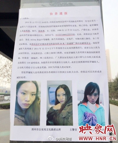 2014年12月5日,鄭州花園路北環(huán)附近一住宅區(qū)發(fā)生一起重大入室盜竊案,嫌疑人盜竊20余萬(wàn)元財(cái)物后潛逃?,F(xiàn)查明:犯罪嫌疑人張明燕,女,26歲,有兔牙,身上有明顯狐臭。警方發(fā)布協(xié)查通報(bào),懸賞萬(wàn)元緝拿。管你是誰(shuí),轉(zhuǎn)發(fā),幫警方追逃!
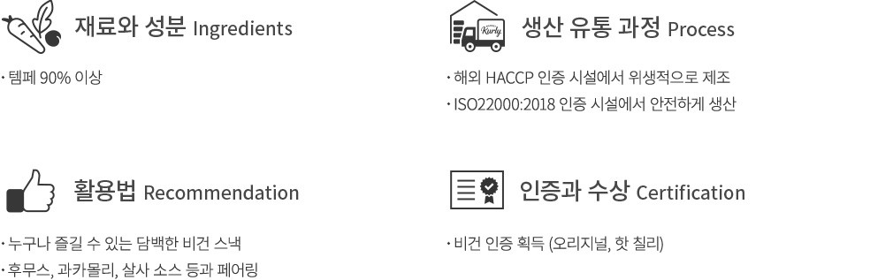 ?특징:바베큐향 시즈닝으로 감칠맛을 더한 템페 칩스예요. 발효 콩 특유의 향미가 부담스러우신 분들께 추천드려요.
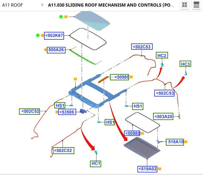 Phần: A11.030 SLIDING ROOF MECHANISM AND CONTROLS (POWER TILT/SLIDE SUN ROOF)
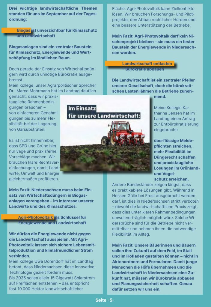 • Landwirtschaft entlasten & Energiewende praxisnah gestalten
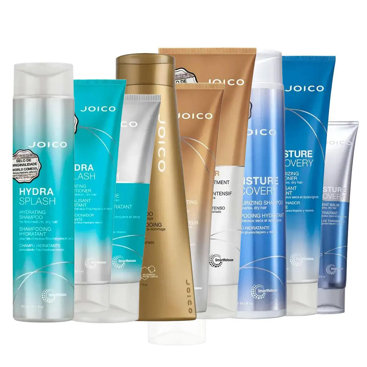 Principais benefícios e diferenciais do Kit Joico Hydra Splash Shampoo 300ml + Condicionador 250ml + Máscara 150ml + K-PAK Shampoo 300ml + Condicionador 250ml + Máscara 250ml + Moisture Recovery Shampoo 300ml + Condicionador 250ml + Máscara 250ml
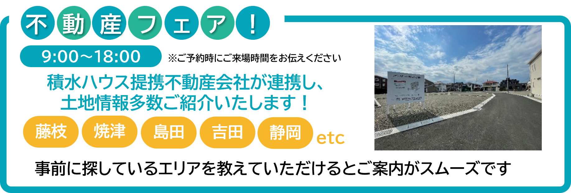 イベント詳細 藤枝 住宅公園イベント一覧【参加費無料】不動産... 藤枝 積水ハウス 【参加費無料】不動産フェア&住宅資金相談会 イベント概要 日付: 2026年2月14日(土)・15日(日) 2日間限定 時間: 9時~18時 場所: 藤枝住宅公園 積水ハウス株式会社 イズ藤枝展示場 備考: ご予約の上、ご来場いただくと素敵なプレゼントご用意しております Web予約 電話予約 電話予約 054-625-8207 見どころポイントWeb予約電話予約電話予約054-625-8207 来場メリット不動産フェア積水ハウス提携不動産会社が連携し、土地情報多数ご紹介いたします!事前に探しているエリアを教えていただけるとご案内がスムーズです。住宅資金相談会ファイナンシャルプランナーによる個別相談! 豊富な知識と経験で、お答えします。 住宅ローン・保険・教育資金・・あなたにぴったりのライフプランを個別にご提案します。 アクセス 場所: 藤枝住宅公園 積水ハウス株式会社 イズ藤枝展示場 Google Mapで見る イベント予約について ◇当日のご案内 ・イベントのご案内を担当者から差し上げます。 必須イベント名 【参加費無料】不動産フェア&住宅資金相談会 (静岡エリア/藤枝住宅公園) 必須ご来場日時を選択 2026-02-14 2026-02-15 9:00~ 10:00~ 11:00~ 12:00~ 13:00~ 14:00~ 15:00~ 16:00~ 17:00~ 18:00~ 必須参加人数 必須名前(漢字) 必須名前(かな) 必須メールアドレス 必須電話番号(携帯も可) 必須住所:郵便番号 任意住所:都道府県 静岡県 北海道 青森県 岩手県 宮城県 秋田県 山形県 福島県 茨城県 栃木県 群馬県 埼玉県 千葉県 東京都 神奈川県 新潟県 富山県 石川県 福井県 山梨県 長野県 岐阜県 愛知県 三重県 滋賀県 京都府 大阪府 兵庫県 奈良県 和歌山県 鳥取県 島根県 岡山県 広島県 山口県 徳島県 香川県 愛媛県 高知県 福岡県 佐賀県 長崎県 熊本県 大分県 宮崎県 鹿児島県 沖縄県 任意住所:市区町村 任意住所:番地 任意コメント欄
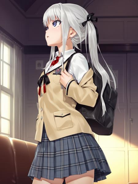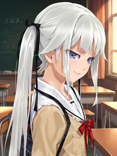 - School uniform: blue eyes, twintails, hair ribbon, black ribbon, school uniform, plaid skirt
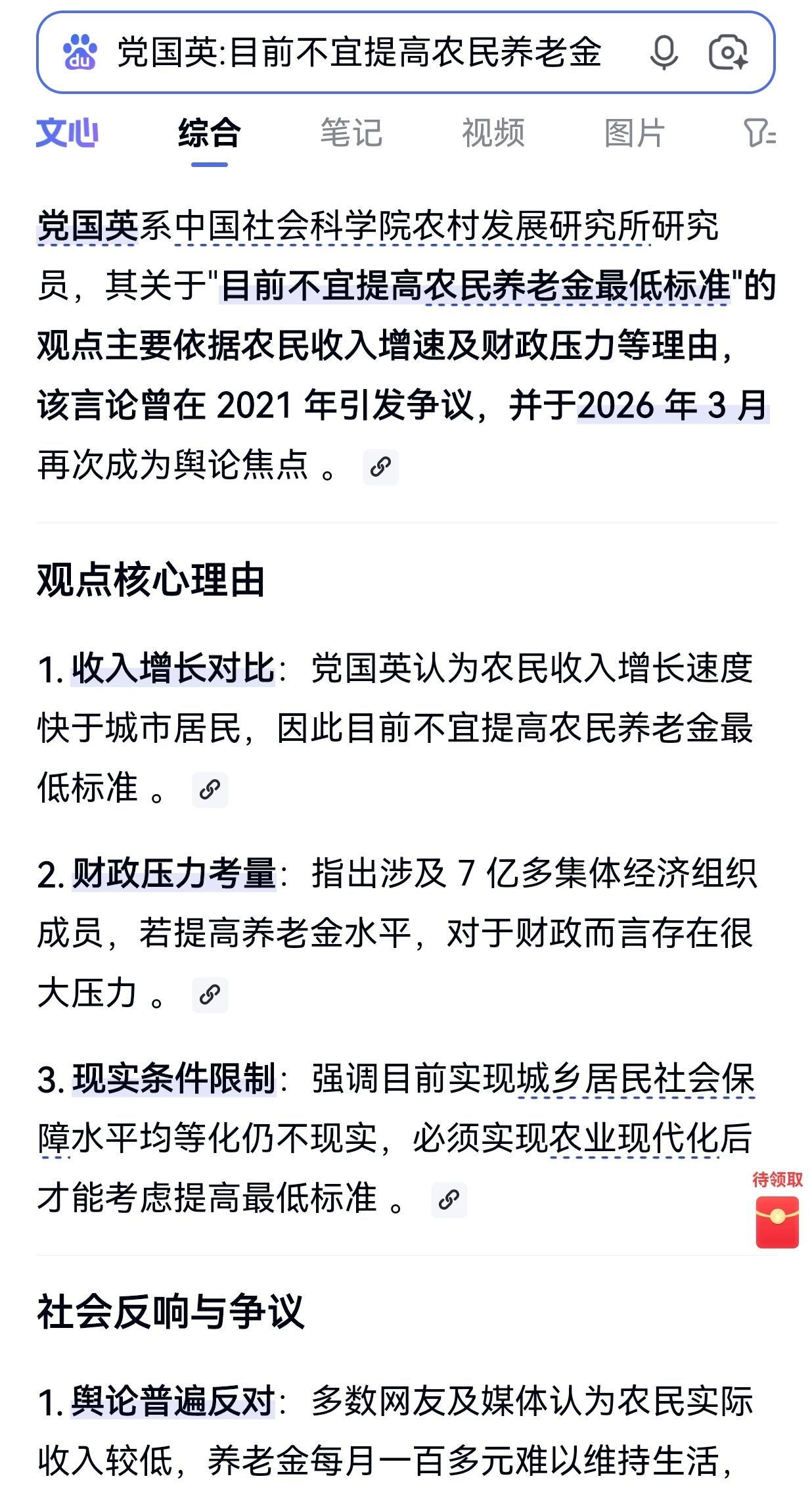 党国英作为一名中国社会科学院农村发展研究所研究员,其在2021年曾提出"目前不宜提高农民养老金最低标准"的观点,主要依据农民收入增速及财政压力等理由。 今年的这时候,党国英的这种说法再次成为舆论焦点 。在社会大众普遍认为农民养老金偏低的大环境下,党国英研究员一句简简单单地“农民收入增长快于城市国民”,并不足以直接作为国家是否提高农民养老金的判据。 事实上,我们国家高层领导始终重视民生保障,2026年城乡居民基础养老金已上调20元,让更多城乡老人生活更有底气。

------------------------------------------------------------------------

Print every entry above again, exactly as written. Leave the images out.

* Output below
 2014年12月5日,鄭州花園路北環(huán)附近一住宅區(qū)發(fā)生一起重大入室盜竊案,嫌疑人盜竊20余萬(wàn)元財(cái)物后潛逃?,F(xiàn)查明:犯罪嫌疑人張明燕,女,26歲,有兔牙,身上有明顯狐臭。警方發(fā)布協(xié)查通報(bào),懸賞萬(wàn)元緝拿。管你是誰(shuí),轉(zhuǎn)發(fā),幫警方追逃!
 ?특징:바베큐향 시즈닝으로 감칠맛을 더한 템페 칩스예요. 발효 콩 특유의 향미가 부담스러우신 분들께 추천드려요.
 Phần: A11.030 SLIDING ROOF MECHANISM AND CONTROLS (POWER TILT/SLIDE SUN ROOF)
 • Landwirtschaft entlasten & Energiewende praxisnah gestalten
 Principais benefícios e diferenciais do Kit Joico Hydra Splash Shampoo 300ml + Condicionador 250ml + Máscara 150ml + K-PAK Shampoo 300ml + Condicionador 250ml + Máscara 250ml + Moisture Recovery Shampoo 300ml + Condicionador 250ml + Máscara 250ml
 イベント詳細 藤枝 住宅公園イベント一覧【参加費無料】不動産... 藤枝 積水ハウス 【参加費無料】不動産フェア&住宅資金相談会 イベント概要 日付: 2026年2月14日(土)・15日(日) 2日間限定 時間: 9時~18時 場所: 藤枝住宅公園 積水ハウス株式会社 イズ藤枝展示場 備考: ご予約の上、ご来場いただくと素敵なプレゼントご用意しております Web予約 電話予約 電話予約 054-625-8207 見どころポイントWeb予約電話予約電話予約054-625-8207 来場メリット不動産フェア積水ハウス提携不動産会社が連携し、土地情報多数ご紹介いたします!事前に探しているエリアを教えていただけるとご案内がスムーズです。住宅資金相談会ファイナンシャルプランナーによる個別相談! 豊富な知識と経験で、お答えします。 住宅ローン・保険・教育資金・・あなたにぴったりのライフプランを個別にご提案します。 アクセス 場所: 藤枝住宅公園 積水ハウス株式会社 イズ藤枝展示場 Google Mapで見る イベント予約について ◇当日のご案内 ・イベントのご案内を担当者から差し上げます。 必須イベント名 【参加費無料】不動産フェア&住宅資金相談会 (静岡エリア/藤枝住宅公園) 必須ご来場日時を選択 2026-02-14 2026-02-15 9:00~ 10:00~ 11:00~ 12:00~ 13:00~ 14:00~ 15:00~ 16:00~ 17:00~ 18:00~ 必須参加人数 必須名前(漢字) 必須名前(かな) 必須メールアドレス 必須電話番号(携帯も可) 必須住所:郵便番号 任意住所:都道府県 静岡県 北海道 青森県 岩手県 宮城県 秋田県 山形県 福島県 茨城県 栃木県 群馬県 埼玉県 千葉県 東京都 神奈川県 新潟県 富山県 石川県 福井県 山梨県 長野県 岐阜県 愛知県 三重県 滋賀県 京都府 大阪府 兵庫県 奈良県 和歌山県 鳥取県 島根県 岡山県 広島県 山口県 徳島県 香川県 愛媛県 高知県 福岡県 佐賀県 長崎県 熊本県 大分県 宮崎県 鹿児島県 沖縄県 任意住所:市区町村 任意住所:番地 任意コメント欄
 - School uniform: blue eyes, twintails, hair ribbon, black ribbon, school uniform, plaid skirt
 党国英作为一名中国社会科学院农村发展研究所研究员,其在2021年曾提出"目前不宜提高农民养老金最低标准"的观点,主要依据农民收入增速及财政压力等理由。 今年的这时候,党国英的这种说法再次成为舆论焦点 。在社会大众普遍认为农民养老金偏低的大环境下,党国英研究员一句简简单单地“农民收入增长快于城市国民”,并不足以直接作为国家是否提高农民养老金的判据。 事实上,我们国家高层领导始终重视民生保障,2026年城乡居民基础养老金已上调20元,让更多城乡老人生活更有底气。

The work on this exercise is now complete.